The book has a series of these irrelevant comparisons. “If cognitive talents rise correspondingly with the proliferation of screens and the sophistication of shows and games, why hasn’t a generation of historically informed, civically active, verbally able, and mathematically talented young adults come forth and proven the cultural pessimists and aged curmudgeons wrong?” (92). This is a typical move in the argument. Some foolish group claims that such and such technology is making everyone smarter. Obviously it isn’t. Thus the kids are somehow dumber. But this isn’t a problem with the kids or even the technology, but with the hype. The criticism shouldn’t be directed against kids and adults who do the same unintellectual things they always have–only now with shinier gadgets–but instead against anyone stupid enough to believe that a child is going to learn better or know more because their information comes from a computer rather than a book. Criticizing techno-hype isn’t as much fun, apparently, as claiming that we’ve just raised the “dumbest generation.” I don’t get the impression that Bauerlein believes the hype, though. It’s just a way to score points. However, just saying the kids aren’t as smart as some people claimed they would be doesn’t make them dumb, or even dumbest.

He asks his students to sit down with their friends at dinner and and as an experiment use some big words to see what happens. They balk at this, thinking their friends will avoid them, or more likely think them pretentious jerks. This “demonstrates that the social settings of adolescence actually conspire against verbal maturity” (155). That comes as a shocking revelation to anyone who has never been an adolescent, but should it for the rest of us? Isn’t there something to be said for discourse communities? Adolescent boys don’t talk like college professors. Neither do grown men sitting around drinking beer and cheering a football game. Neither does anyone else for that matter. Most people don’t have very large vocabularies. That’s just a fact. Most communication takes place with a minimum of words. Unless one wants to be able to articulate sophisticated thoughts or critical insights, or is in love with language, or perhaps just wants to impress other academics, an extensive vocabulary just isn’t required. Blaming teenagers because they don’t sound like educated college professors just seems like another irrelevant comparison. I can feel his pain (I once cringed when someone teaching at Princeton pronounced the “ch” in “inchoate” as the “ch” in “church”), but it doesn’t mean most people have or ever have had large vocabularies.

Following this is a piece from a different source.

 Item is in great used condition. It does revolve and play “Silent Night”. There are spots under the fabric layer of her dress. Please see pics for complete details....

Finally, I couldn’t finish the book. It’s a quick read. Bauerlein is a fine writer with, I believe, good and serious intentions. There were more statistics and studies quoted, but I just couldn’t get past what seemed a flawed premise: that because teenagers today aren’t as intellectual as college professors, despite their increased access to culture through digital means, they’re somehow dumber than teenagers in the past or most adults today. The book is a great exercise in how to create an imagined crisis and boost sales, but I’m not sure it tells us about any significance between today’s college students and the allegedly smarter generations that have come before.

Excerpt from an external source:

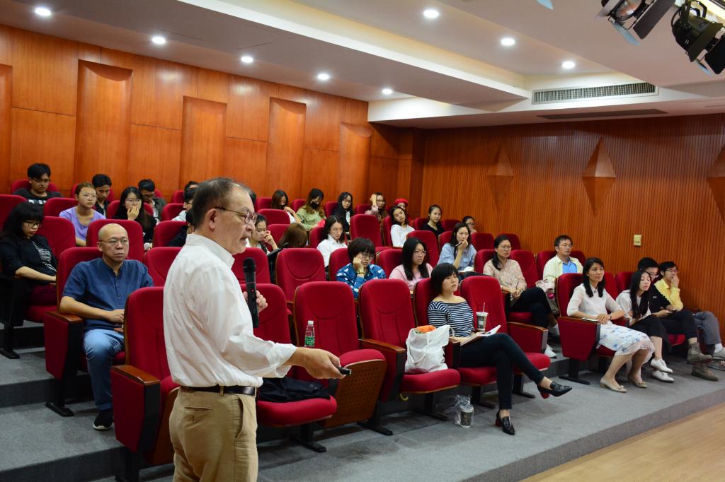 10月11日,我校艺术学院教学质量月艺术讲座在南校区艺术楼四楼观摩厅举行,台湾昆山大学讲座教授、媒体科技与创意产业研究中心创设人李天铎教授担任主讲嘉宾,为艺术学院师生带来了一场主题为”当代艺术:文化经济与品牌效益”的精彩讲座。李天铎教授从印象派世界名画开始,到看似离经叛道的当代艺术,细数拍卖史上的艺术品拍卖事件,解析当代艺术品的经济逻辑。我院党总支副书记张莉出席并主持讲座。

12 thoughts on “The Dumbest Generation?

  1. I think you misconstrued the data for NSSE reading from 2003 to 2005. You may be confusing data for improvement from freshman to senior year with data for freshman or seniors in 03 and 05.

  2. That could be. According to the chart on p.55, in 2003 26% of freshmen reported reading no books, while in 2005 24% of freshmen reported the same. That seems to me that 2% fewer freshmen weren’t reading, or that 2% more were. For seniors the numbers are 21% and 19%, which would seem to indicate the same.
    On the positive side, in 2003 55% of freshmen reported reading between 1-4 books, while in 2005 that number was 56%, so it seems slightly more freshmen were reading 1-4 books. For seniors the numbers were 53% and 54%, again showing slightly more seniors were reading 1-4 books.
    The numbers reporting 5-10 books changed very little: 12-13% for freshmen and no change for seniors.
    Looking at it another way, there is very little improvement, but still some. Freshmen and seniors are 3 years apart, not 2, but let’s assume the freshmen in 2003 were to be the seniors in 2005. Here we have 7% fewer students reporting reading NO books, 1% fewer reporting reading between 1-4 books, and 4% MORE reporting reading between 5-10 books. Any way you interpret that data, the students were reading slightly more books as they got developed, though still by some standards–including my own–not very many.
    My main criticism isn’t that students are especially intellectual or scholarly or critical, even after four years of college. I don’t think they are. I just don’t think they’re any dumber than previous generations, and I don’t see the evidence here to prove that. I think it much more likely that those students in any generation with a passion for ideas have always been and will always be a remnant, and that remnant heavily populates academia.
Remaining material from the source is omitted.